La révolution sexuelle a-t-elle eu lieu ?

Les années 1970 ont fait tomber des tabous anciens en matière de sexualité. C’est ce que montrent la diversification des pratiques et la liberté des discours et des images. Pour autant, la révolution sexuelle a-t-elle vraiment libéré les générations suivantes ?

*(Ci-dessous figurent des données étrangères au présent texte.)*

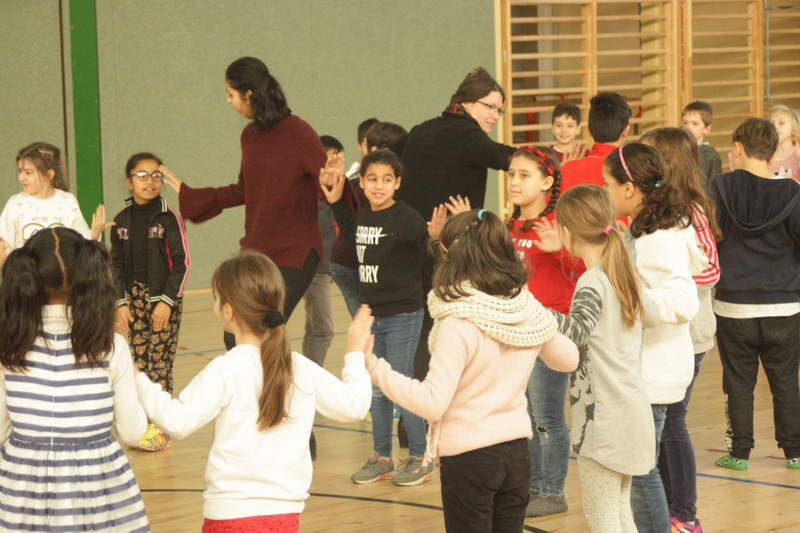 Unsere Projektwoche im September war eine schöne Erfahrung mit 15 verschiedenen Angeboten, die teils außer Haus, teils in der Schule oder Sporthalle stattfanden. Da die Kinder der Klassenstufen 2 bis 4 an drei Tagen gemeinsame Projekte besuchten, konnte der soziale Austausch intensiver stattfinden als üblicherweise nur in den Pausen auf dem Schulhof. Wir hoffen durch die intensiveren Kontakte auf langfristige Verbesserung des Schulklimas.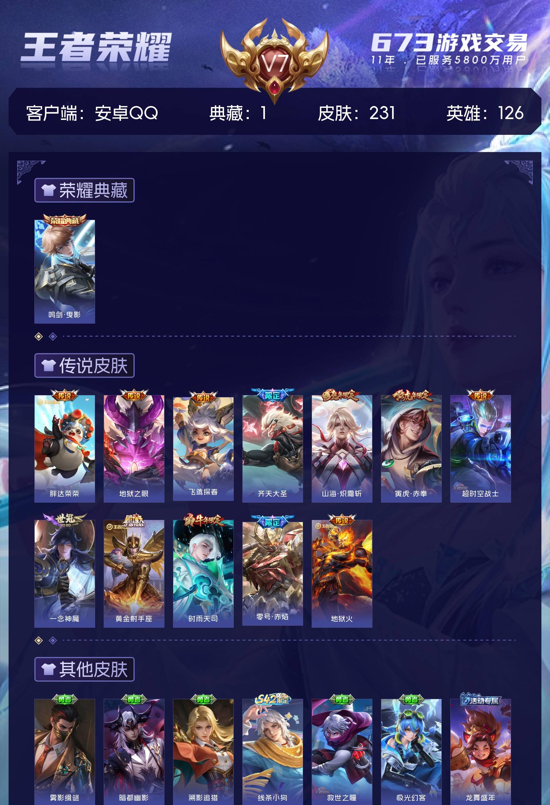 V7 皮肤231 英雄126 荣耀王者 荣耀典藏1 传说12 其他皮肤224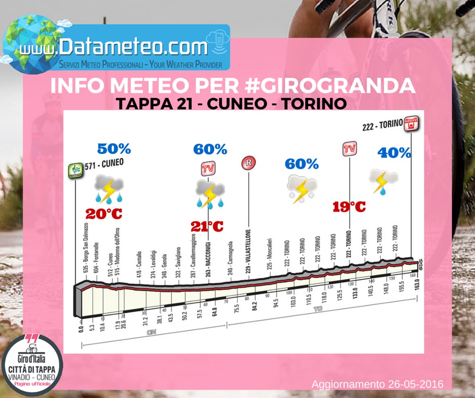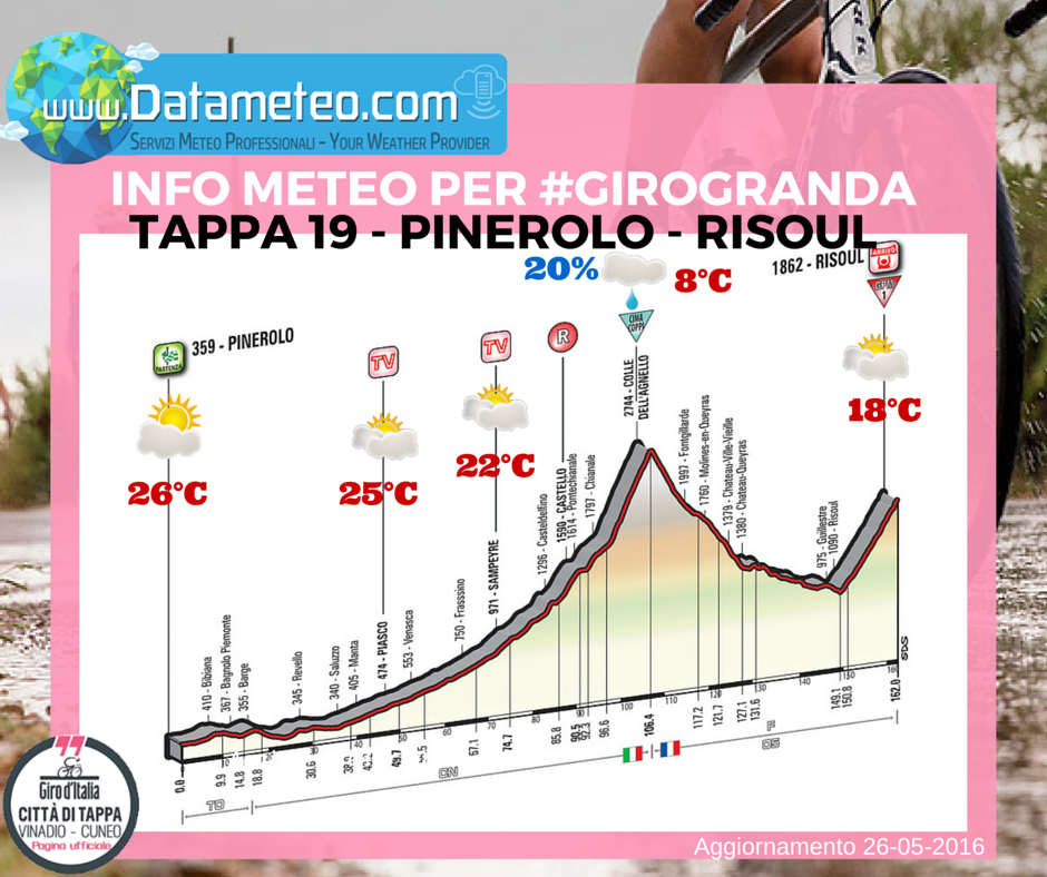 ALBA Di seguito riportiamo il bollettino meteo regionale preparato dal provider cuneese Datameteo.com per le tappe del Giro d’Italia che interesseranno la Granda.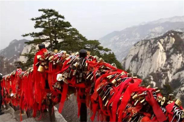 金鎖關(guān)北接五云峰,南控華山主峰,東西兩側(cè)壑深千丈,關(guān)前僅有一米完的臺(tái)階石徑。環(huán)周古松蒼翠,奇石林立,常有祥云環(huán)繞,風(fēng)光非常迤麗。“但有女兒初長成,便為三秦姣姣容。”說的就是奇險(xiǎn)天下第一山的華山除了以其奇、險(xiǎn)、秀而聞名遐邇之外,還別有一番令人動(dòng)容的金鎖關(guān)風(fēng)景:關(guān)內(nèi)、關(guān)外登山路兩側(cè)的鐵索上,情侶鎖、平安鎖,重重疊疊,紅繩彩線迎風(fēng)搖曳,筑成一道美麗的愛情風(fēng)景線,鎖住對(duì)愛情的誓言,表達(dá)堅(jiān)如磐石的愛情忠貞!

Les années 1960 ont profondément inscrit leur marque dans l’histoire des sociétés occidentales. Lors de cette période qui concentre contestations d’ordre moral, politique et économique, les spécialistes s’accordent à pointer une révolution historique en matière de sexualité. 1968 en constitue certes le point d’orgue. Alors que des philosophes comme Félix Guattari recommandent de « libérer le désir », les étudiants des mouvements de mai ont pour slogan de « faire l’amour, pas la guerre », de « jouir sans entraves ». Un auteur libertaire proche du mouvement situationniste comme Raoul Vaneigem, dans son Traité de savoir-vivre à l’usage des jeunes générations (1967), prône « un déchaînement des plaisirs sans restriction ». Cette année-là, la première génération des baby-boomers a 20 ans ; ses maîtres à penser sont aussi bien, hormis les marxistes, les antipsychiatres qui recommandent la « mort de la famille » (Ronald Laing et David Cooper), des penseurs comme Herbert Marcuse (Éros et civilisation) et Wilhelm Reich (La Révolution sexuelle) qui font des pulsions sexuelles le moteur de l’émancipation humaine, des féministes américaines qui dénoncent l’asymétrie des rapports de sexe, des auteurs comme Margaret Mead qui font miroiter l’idée que, dans les îles du Pacifique, la liberté des mœurs règne dès le jeune âge.

 

Une lame de fond libertine

« Aimons, foutons, ce sont des plaisirs
Qu’il ne faut pas que l’on sépare;
La jouissance et les désirs
Sont ce que l’âme a de plus rare »,

écrivait le respectable fabuliste Jean de la Fontaine dans ses Contes licencieux… Si les poussées libertines n’ont pas attendu le XXe siècle pour se manifester et secouer le carcan des valeurs morales et religieuses dans lequel fut longtemps enfermée la sexualité du monde occidental, elles étaient toujours restées cantonnées à des petits groupes marginaux. À partir des années 1950, avec l’avènement de la culture de masse, c’est une véritable lame de fond qui va faire tomber des tabous millénaires. Du scandaleux rapport Kinsey à la diffusion de romans sulfureux comme le Lolita de Vladimir Nabokov (1955), ou le Tropique du Cancer d’Henry Miller (1934, interdit aux États-Unis jusqu’aux années 1960), en passant par le succès d’un cinéma qui exhibe les corps nus et sensuels d’une Brigitte Bardot (Et Dieu créa la femme, 1956) ou d’une Marylin Monroe, la littérature, le cinéma sont bientôt relayés par les magazines ou les émissions de radios où l’on débat librement de pratiques sexuelles… Les seins se donnent à voir sur les plages et les pelouses. Des communautés où se pratique l’amour libre fleurissent et les militantismes – féministe et homosexuel – sont dans leur phase la plus active.